Note: For a list of frequently asked questions about the general use Esri technology remotely, such as installation, license authorization, etc., see Esri Canada's blog: How to access Esri technology while working from home.
In addition to latency and timeouts, an the general inability to connect, numerous error messages are returned. The majority of these problems occur when working in ArcGIS applications that are connected to an RDBMS hosted on a network server, such as when working in ArcMap or Pro and connected to an enterprise geodatabase. Additional error messages may be returned that indicate License server disconnects. Some examples of typical error conditions and messages are as follows:
Lost License Connections
Messages such as the following may be returned:
License Connection Lost Lost connection with license server for ArcGIS for Desktop Advanced (ARC/INFO). Trying to reconnect every 120 seconds: attempt 1 of 5...
ArcGIS Desktop Errors
When VPN connection is intermittent, indicators may appear in the user interface that suggest connection errors to source data, such as red exclamation marks next to geodatabase connection files in ArcGIS Pro.

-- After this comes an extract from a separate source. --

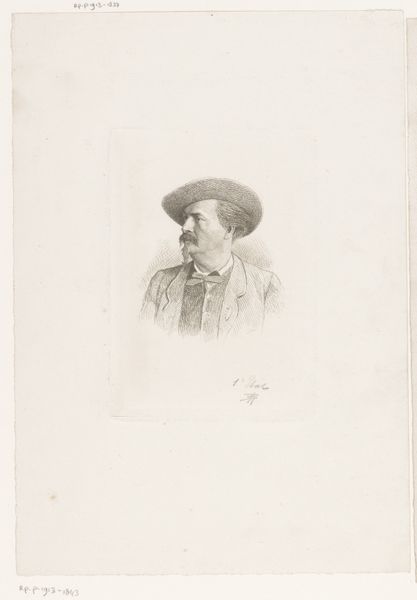 Auguste Danse made this print of F. Beeckman in 1881, using etching. It captures the subject in profile, sporting a beard and a wide-brimmed hat. Danse was working in Belgium at a time when printmaking was gaining recognition as an independent art form, rather than just a means of reproduction. Artists like Danse played a role in elevating the status of printmaking, with institutions like museums and galleries beginning to collect and exhibit prints as works of art in their own right. Consider Beeckman's attire, which suggests a certain social status and artistic sensibility. How does this image reflect the cultural values and artistic trends of its time? By examining exhibition records, artists' biographies, and period publications, we can gain insights into the social networks, artistic debates, and institutional structures that shaped the production and reception of art in 19th-century Belgium.

Or broken layer data sources in map documents with red exclamation marks next to them, as shown below.
Additionally, errors such as the following are returned when saving edits, creating new features, drawing, or adding new layers in ArcMap:
Save Edits Unable to save edits.Underlying DBMS error [ORA-03114: not connected to ORACLE] [SDE.DEFAULT]
Failed to create new feature(s). Underlying DBMS error [sde.DEFAULT]
One or more layers failed to draw. U.S. Cities: Failure to access DBMS server [ORA-03114: not connected to ORACLE::...]
Open failed Error opening feature class FDO error: -2147155559 Failure to access the DBMS server[[Microsoft][ODBC Driver 17 for SQL Server]Communication link failure] [world01.sde.GBD_Items]
General Database Connection Errors
Numerous errors may be returned when attempting to connect to a database with VPN. These messages can have varying levels of detail. Some examples are as follows:
Connection Unable to connect to database server to retrieve database list. please verify your server name, user name, and password info and try again. Underlying DBMS error...
Error Underlying DBMS error
Connection Error Failed to connect to the specified DBMS instance. A database connection error exception has occurred. FDO error: -2147155559.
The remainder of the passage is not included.